– Может, и горцы…. А я погляжу, ты уже в штыковую атаку пошёл? Без порток ты одним своим видом басурманина распугаешь!
Молодой мушкетёр, не обращая внимания на колкости Сёмыча, только и ответил:
– Так ведь некогда было!
Невдалеке раздался выстрел, затем ещё один.
– Всё вам, молодым, некогда! – пробурчал егерь, но туг же переключил внимание на унтер-офицера, бежавшего ему навстречу. Ствол его штуцера ещё дымился.
– Что за шум, ваше благородие?
Сержант с сильным малороссийским акцентом произнёс:
– Да, вот, словили шпиона.
Чтобы добежать до пикета, поставившего на уши весь полк, понадобилось ещё несколько минут. У ног караульного на корточках в молитвенной позе сидел человек. Отблески костра позволяли разглядеть виновника вечернего переполоха. Лицо его было обезображено шрамами от хлыста. Запёкшаяся на подбородке кровь и грязная одежда красноречиво свидетельствовали о побоях, которые, казалось, он только недавно перенёс. Сержант, поднявший тревогу, имел не менее живописный вид. Его окровавленные лицо и мундир, пришедший в полную негодность, казалось, олицетворяли весь ужас войны. Пока Сёмыч разглядывал незнакомца и молодого сержанта, за его спиной выросло ещё несколько фигур.
– Что здесь произошло? – раздался громкий повелительный голос.
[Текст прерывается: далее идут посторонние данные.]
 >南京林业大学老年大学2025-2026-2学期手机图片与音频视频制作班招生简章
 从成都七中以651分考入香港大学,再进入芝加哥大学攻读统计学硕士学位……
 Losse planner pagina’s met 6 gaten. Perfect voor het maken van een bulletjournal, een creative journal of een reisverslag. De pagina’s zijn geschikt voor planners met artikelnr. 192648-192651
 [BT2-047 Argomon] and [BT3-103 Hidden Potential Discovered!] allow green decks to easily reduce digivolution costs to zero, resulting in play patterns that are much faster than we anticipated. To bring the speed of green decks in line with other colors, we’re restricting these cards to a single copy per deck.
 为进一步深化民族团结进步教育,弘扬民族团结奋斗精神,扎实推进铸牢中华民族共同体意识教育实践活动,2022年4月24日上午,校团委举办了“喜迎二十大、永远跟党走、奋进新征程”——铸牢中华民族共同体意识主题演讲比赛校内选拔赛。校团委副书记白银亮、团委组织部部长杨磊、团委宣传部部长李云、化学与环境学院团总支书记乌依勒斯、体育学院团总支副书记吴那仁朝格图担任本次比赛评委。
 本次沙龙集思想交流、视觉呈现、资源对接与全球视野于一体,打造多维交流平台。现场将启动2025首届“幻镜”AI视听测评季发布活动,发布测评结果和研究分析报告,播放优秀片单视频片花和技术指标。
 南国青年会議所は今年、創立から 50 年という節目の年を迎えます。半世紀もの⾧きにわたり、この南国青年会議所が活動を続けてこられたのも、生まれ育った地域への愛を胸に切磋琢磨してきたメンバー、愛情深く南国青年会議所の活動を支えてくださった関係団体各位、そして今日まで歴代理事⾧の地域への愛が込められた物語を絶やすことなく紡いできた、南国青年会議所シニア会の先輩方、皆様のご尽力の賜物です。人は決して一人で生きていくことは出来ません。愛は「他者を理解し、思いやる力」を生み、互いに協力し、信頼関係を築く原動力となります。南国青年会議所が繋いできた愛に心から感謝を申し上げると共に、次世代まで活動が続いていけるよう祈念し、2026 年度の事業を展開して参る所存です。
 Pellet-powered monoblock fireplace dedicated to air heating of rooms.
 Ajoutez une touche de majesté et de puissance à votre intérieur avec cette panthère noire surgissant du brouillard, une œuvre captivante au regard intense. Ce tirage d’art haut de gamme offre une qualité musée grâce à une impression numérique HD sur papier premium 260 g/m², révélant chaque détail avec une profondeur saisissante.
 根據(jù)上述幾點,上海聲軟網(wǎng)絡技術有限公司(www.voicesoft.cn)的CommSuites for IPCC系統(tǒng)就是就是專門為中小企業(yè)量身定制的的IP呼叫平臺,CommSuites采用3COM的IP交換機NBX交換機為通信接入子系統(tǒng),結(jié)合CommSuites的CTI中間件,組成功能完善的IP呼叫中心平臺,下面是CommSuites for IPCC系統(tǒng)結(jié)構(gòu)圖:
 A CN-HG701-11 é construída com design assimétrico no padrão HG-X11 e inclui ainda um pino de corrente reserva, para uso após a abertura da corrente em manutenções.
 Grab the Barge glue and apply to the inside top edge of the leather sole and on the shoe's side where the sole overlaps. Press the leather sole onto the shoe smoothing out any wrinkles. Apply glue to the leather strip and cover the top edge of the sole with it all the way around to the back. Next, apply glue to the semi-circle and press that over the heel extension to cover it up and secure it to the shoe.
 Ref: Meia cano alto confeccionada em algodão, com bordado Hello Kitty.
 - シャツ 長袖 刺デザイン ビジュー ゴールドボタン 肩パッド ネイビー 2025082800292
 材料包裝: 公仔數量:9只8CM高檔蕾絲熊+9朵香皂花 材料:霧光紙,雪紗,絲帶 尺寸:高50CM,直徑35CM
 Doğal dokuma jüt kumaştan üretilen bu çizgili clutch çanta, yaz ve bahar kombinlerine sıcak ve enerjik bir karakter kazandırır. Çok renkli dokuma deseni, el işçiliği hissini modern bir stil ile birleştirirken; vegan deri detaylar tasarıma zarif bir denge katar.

Оглянувшись, старый солдат увидел перед собой высокого подтянутого мужчину в треуголке, из-под которой двумя острыми клинками торчали рыжие бакенбарды. Серый плащ скрывал офицерские эполеты, но даже в тёмной ногайской ночи старый егерь узнал недавно появившегося в полку 33-летнего подполковника Ивана Петрович Лазарева. Гаврила Сидоров сделал шаг в сторону. Подполковник посмотрел на штуцерника, который переполошил лагерь. Юноша, почувствовав на себе пристальный взгляд, приставил к ноге ружьё и выпалил:
– Сержант Котляревский! Караульный…
– Вижу, сынок! – голос командир стал мягче, в уголках глаз появились складки, похожие на улыбку.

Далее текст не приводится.